= Problem description =
What this exercise needs is every entry restated as written, with no pictures.

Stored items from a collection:
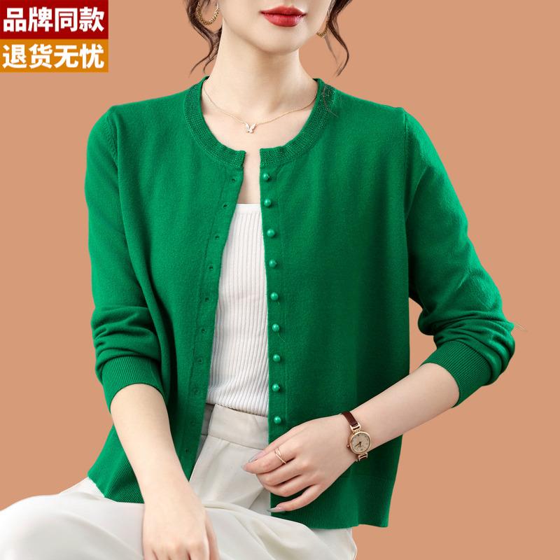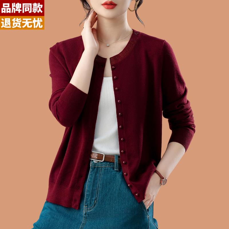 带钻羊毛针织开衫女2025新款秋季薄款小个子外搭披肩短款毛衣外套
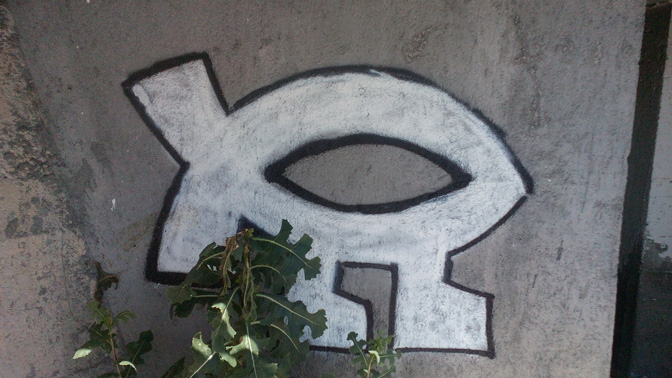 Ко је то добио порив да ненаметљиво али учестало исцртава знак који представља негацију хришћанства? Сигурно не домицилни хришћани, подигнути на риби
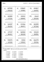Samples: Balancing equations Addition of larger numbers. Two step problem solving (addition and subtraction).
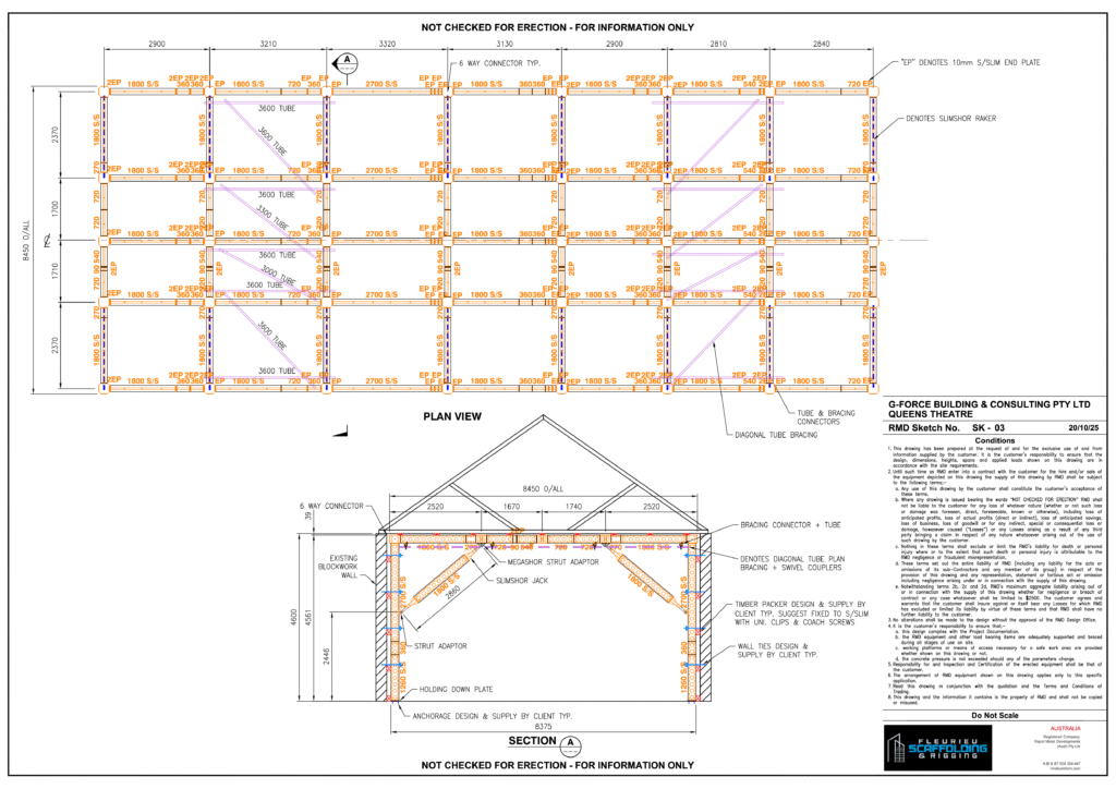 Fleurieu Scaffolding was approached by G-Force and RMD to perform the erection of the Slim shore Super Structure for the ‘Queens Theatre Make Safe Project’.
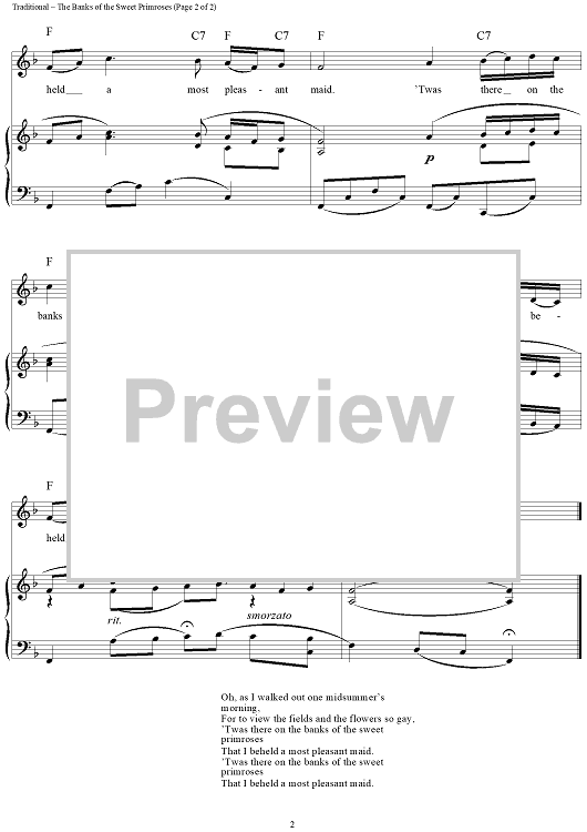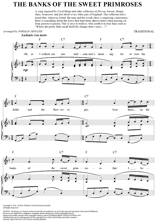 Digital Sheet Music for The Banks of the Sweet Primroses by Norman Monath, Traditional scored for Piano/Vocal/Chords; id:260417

= Result below =
 带钻羊毛针织开衫女2025新款秋季薄款小个子外搭披肩短款毛衣外套
 Ко је то добио порив да ненаметљиво али учестало исцртава знак који представља негацију хришћанства? Сигурно не домицилни хришћани, подигнути на риби
Samples: Balancing equations Addition of larger numbers. Two step problem solving (addition and subtraction).
 Fleurieu Scaffolding was approached by G-Force and RMD to perform the erection of the Slim shore Super Structure for the ‘Queens Theatre Make Safe Project’.
 Digital Sheet Music for The Banks of the Sweet Primroses by Norman Monath, Traditional scored for Piano/Vocal/Chords; id:260417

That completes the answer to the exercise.